"The Time Complex"
1st Yerevan Biennial
Online edition 2020
Curated by Lorenzo Fusi
The Time Complex
"The basic thesis of the post-contemporary is that time is changing. We are not just living in a new time or accelerated time, but time itself—the direction of time—has changed. We no longer have a linear time, in the sense of the past being followed by the present and then the future. It’s rather the other way around: the future happens before the present, time arrives from the future."
Armen Avanessian
So the Austrian philosopher of Armenian descent Armen Avanessian summarises the shifting paradigm of time in his formulation of the ‘post-contemporary’ – part of the prologue to The Time Complex: Post-Contemporary. This is a new era in which time moves fluidly, in a non-hierarchical order, and where there is no obvious progression from a before, to a during and an after in historical terms. Fluidity is a queer attribute or attitude. It indicates the power, intention or will to escape categorisations, thus eluding crystallising definitions. This fluidity should be considered an action, a revolutionary act, and not just a simple inert feature. It is a militant transformational tool.
Paraphrasing Boris Groys, one could say that “to get access to the flow, time (the form, in the original text) must be made fluid – it cannot become fluid by itself. And that is the reason for modern artistic revolutions.” In keeping, The Time Complex (the exhibition) is an investigation of the radical use of time in contemporary art that highlights the strategies and methodologies adopted by artists for imagining future scenarios, revisiting contested histories, creating unexpected narratives and correlations and unveiling untold stories.
Time in flux, anarchically inhabiting different tenses and geopolitical contexts, is something that artists have intuitively worked on and experimented with for some time now. Their research amply precedes any attempt at philosophical theorisation.
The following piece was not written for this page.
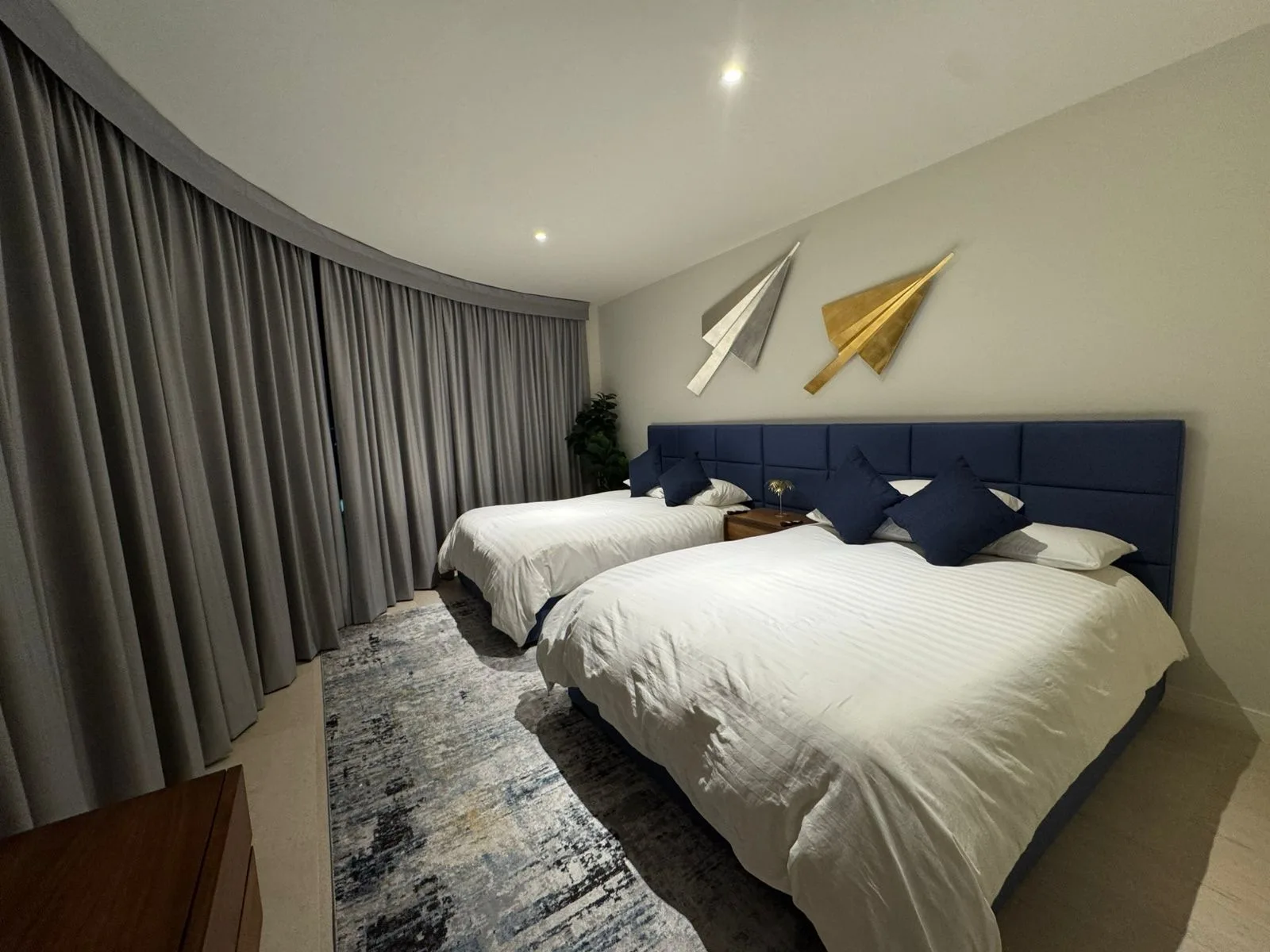 Building amenities comprise a spa, fitness gym, infinity pool, kids workshop, pool lounge, and a padel court.

This should come as no surprise, as artists are notoriously visionaries – if not The Visionaries par excellence – as well as being storytellers. They often predict the “not-yet”, to quote artist Jeanne van Heeswijk, formulating possibilities and hypotheses for that which is in the process of becoming. Furthermore, art can create anachronic loopholes and punctuations in the progression of time. These time suspensions have been poetically described by the American minimal sculptor and pioneer of conceptual art, Douglas Huebler, who, in 1972, summarised the experience of art in a text piece: FOR THE ENTIRE TIME THAT THE READER READS THESE WORDS HE, OR SHE WILL EXIST FREE FROM HISTORY. And history, as Winston Churchill put it, is generally kind only to the winners, because they are the ones who ultimately write it.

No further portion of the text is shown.